# [Brief]
Transcribe the listing exactly, skipping every picture.

# [Raw data]
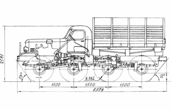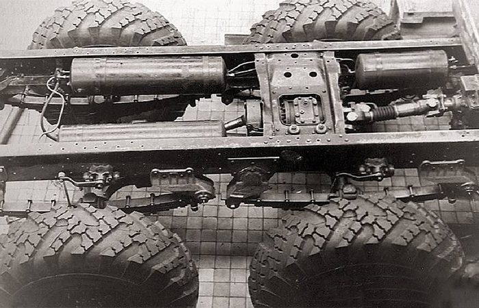 Самое же интересное скрывалось внутри. У машины не было рамы в привычном понимании, вместо нее имелся несущий цельнометаллический корпус, как у танка. Подвеска же сама по себе была шедевром. Каждое колесо крепилось на независимом торсионе с ходом около 300 миллиметров, поэтому машина не ехала по ухабам, а плавно перетекала через них. Все колеса постоянно сохраняли контакт с землей, что давало отличное сцепление с любой поверхностью. Сердцем монстра стали два бензиновых двигателя ЗИЛ-375, выдававших в сумме около 360 лошадей, но хитрость была не в мощности, а в схеме работы. Каждый двигатель работал на свою сторону — левый на первые и третьи колеса, правый на вторые и четвертые. Это создавало уникальную, абсолютно симметричную полноприводную схему. Если один мотор выходил из строя, второй спокойно продолжал везти машину к цели.
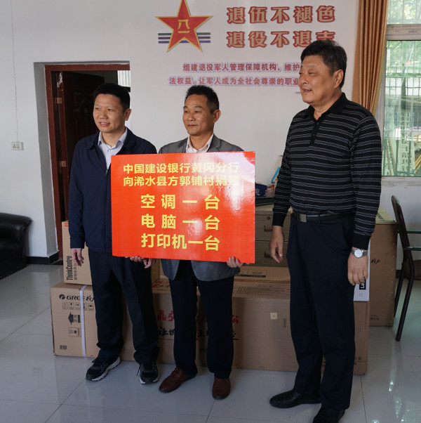 在方郭铺村扶贫工作队驻地,张新佳书记、胡林惠行长向工作队捐赠了空调、电脑和打印机等一批办公和生活用品,勉励队员要扎根基层,做实工作,不实现全面脱贫决不收兵。
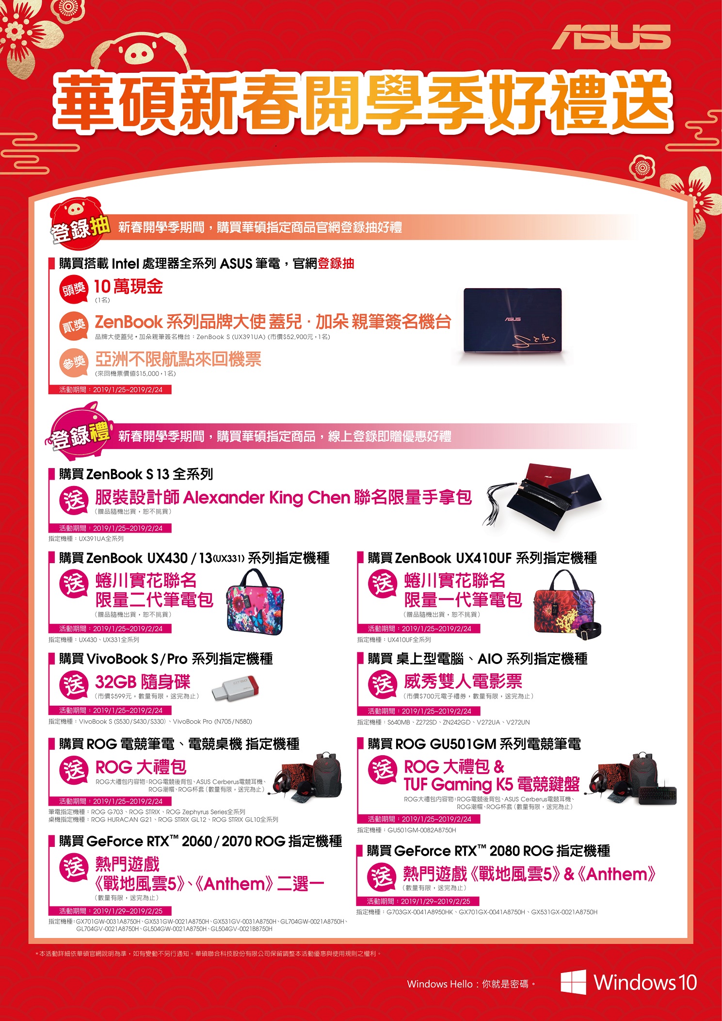 至於登錄禮部分則包括:ASUS VivoBook系列指定機種,送「32GB隨身碟」(市價NT$ 599元);ASUS ZenBook系列指定機種,贈「Alexander King Chen限量聯名手拿包」或「蜷川實花聯名限量筆電包」;ASUS S640MB系列桌上型電腦及ASUS Zen AiO / Vivo AiO指定機種,送「威秀雙人電影票(市價NT$ 700)」;此外,還有ROG玩家共和國搭載GeForce RTX™ 2080顯示卡指定電競筆電,贈《戰地風雲5》與《冒險聖歌Anthem》遊戲序號;指定電競筆電/桌機,送「ROG大禮包」(內含:ROG電競後背包、ASUS Cerberus電競耳麥、ROG潮帽、ROG杯套),其中ROG GU501GM指定機種,另加碼贈「ASUS TUF Gaming K5電競鍵盤 (NT$ 1,790 )」; 更多活動詳情及最新消息,請參閱:https://www.asus.com/tw/events/。
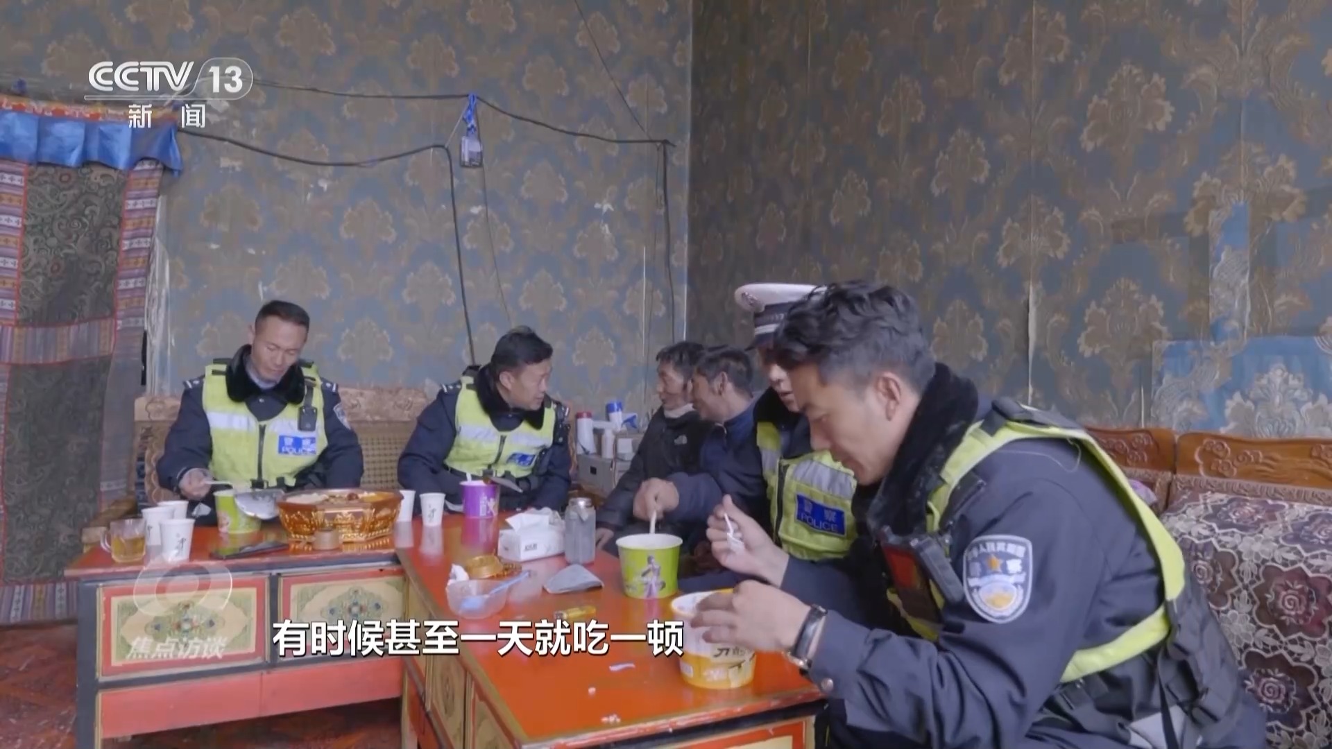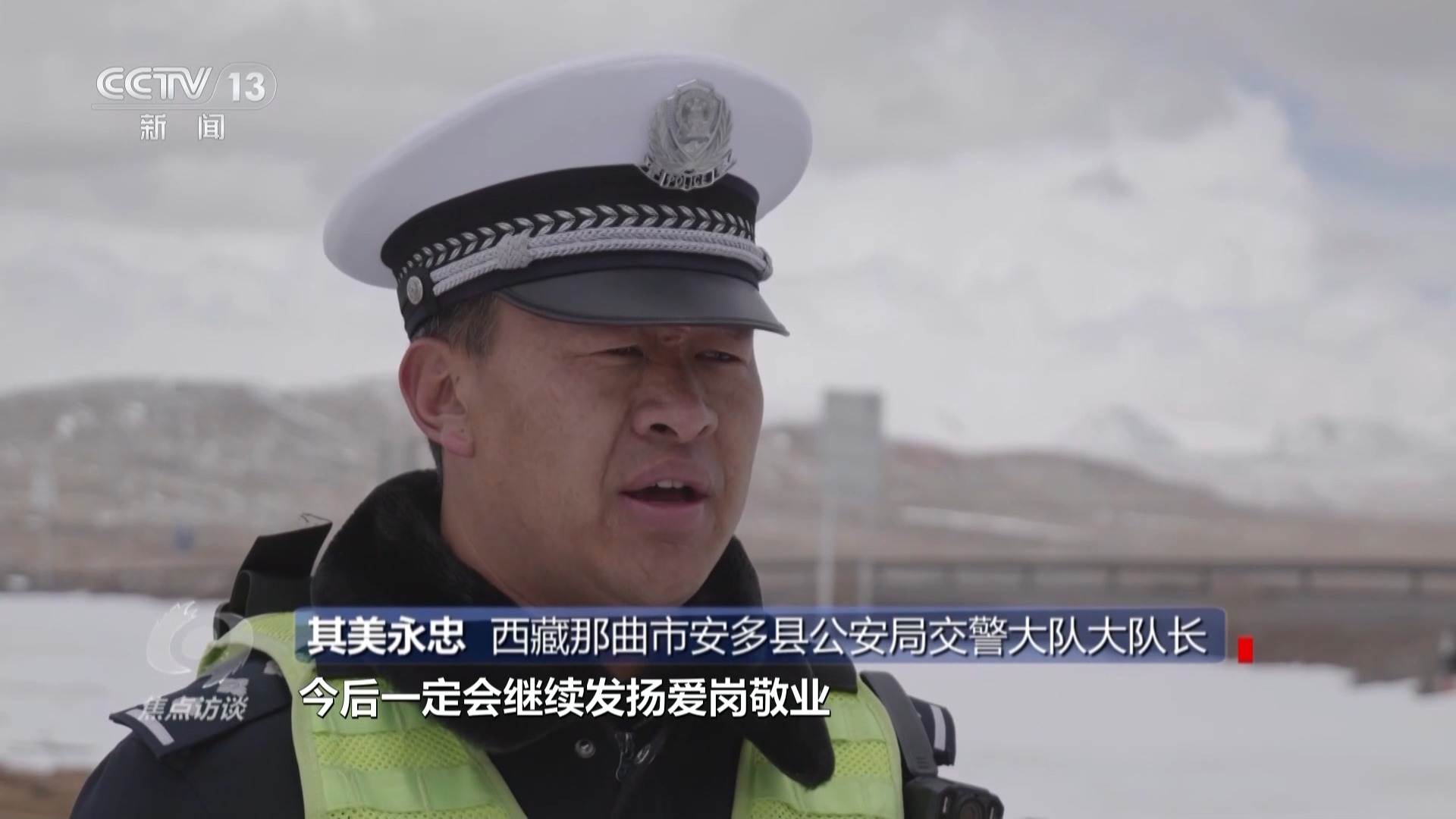 西藏那曲市安多縣公安局交警大隊(duì)大隊(duì)長 其美永忠:身體是絕對有影響的,腸胃方面主要是我們吃飯沒規(guī)律,有時候甚至一天就吃一頓。從來沒有一個人說過因個人的原因或者家庭的原因要下山,我們隊(duì)伍都是一起上山、一起下山的這種精神。

# [Result of this task]
 Самое же интересное скрывалось внутри. У машины не было рамы в привычном понимании, вместо нее имелся несущий цельнометаллический корпус, как у танка. Подвеска же сама по себе была шедевром. Каждое колесо крепилось на независимом торсионе с ходом около 300 миллиметров, поэтому машина не ехала по ухабам, а плавно перетекала через них. Все колеса постоянно сохраняли контакт с землей, что давало отличное сцепление с любой поверхностью. Сердцем монстра стали два бензиновых двигателя ЗИЛ-375, выдававших в сумме около 360 лошадей, но хитрость была не в мощности, а в схеме работы. Каждый двигатель работал на свою сторону — левый на первые и третьи колеса, правый на вторые и четвертые. Это создавало уникальную, абсолютно симметричную полноприводную схему. Если один мотор выходил из строя, второй спокойно продолжал везти машину к цели.
 在方郭铺村扶贫工作队驻地,张新佳书记、胡林惠行长向工作队捐赠了空调、电脑和打印机等一批办公和生活用品,勉励队员要扎根基层,做实工作,不实现全面脱贫决不收兵。
 至於登錄禮部分則包括:ASUS VivoBook系列指定機種,送「32GB隨身碟」(市價NT$ 599元);ASUS ZenBook系列指定機種,贈「Alexander King Chen限量聯名手拿包」或「蜷川實花聯名限量筆電包」;ASUS S640MB系列桌上型電腦及ASUS Zen AiO / Vivo AiO指定機種,送「威秀雙人電影票(市價NT$ 700)」;此外,還有ROG玩家共和國搭載GeForce RTX™ 2080顯示卡指定電競筆電,贈《戰地風雲5》與《冒險聖歌Anthem》遊戲序號;指定電競筆電/桌機,送「ROG大禮包」(內含:ROG電競後背包、ASUS Cerberus電競耳麥、ROG潮帽、ROG杯套),其中ROG GU501GM指定機種,另加碼贈「ASUS TUF Gaming K5電競鍵盤 (NT$ 1,790 )」; 更多活動詳情及最新消息,請參閱:https://www.asus.com/tw/events/。
 西藏那曲市安多縣公安局交警大隊(duì)大隊(duì)長 其美永忠:身體是絕對有影響的,腸胃方面主要是我們吃飯沒規(guī)律,有時候甚至一天就吃一頓。從來沒有一個人說過因個人的原因或者家庭的原因要下山,我們隊(duì)伍都是一起上山、一起下山的這種精神。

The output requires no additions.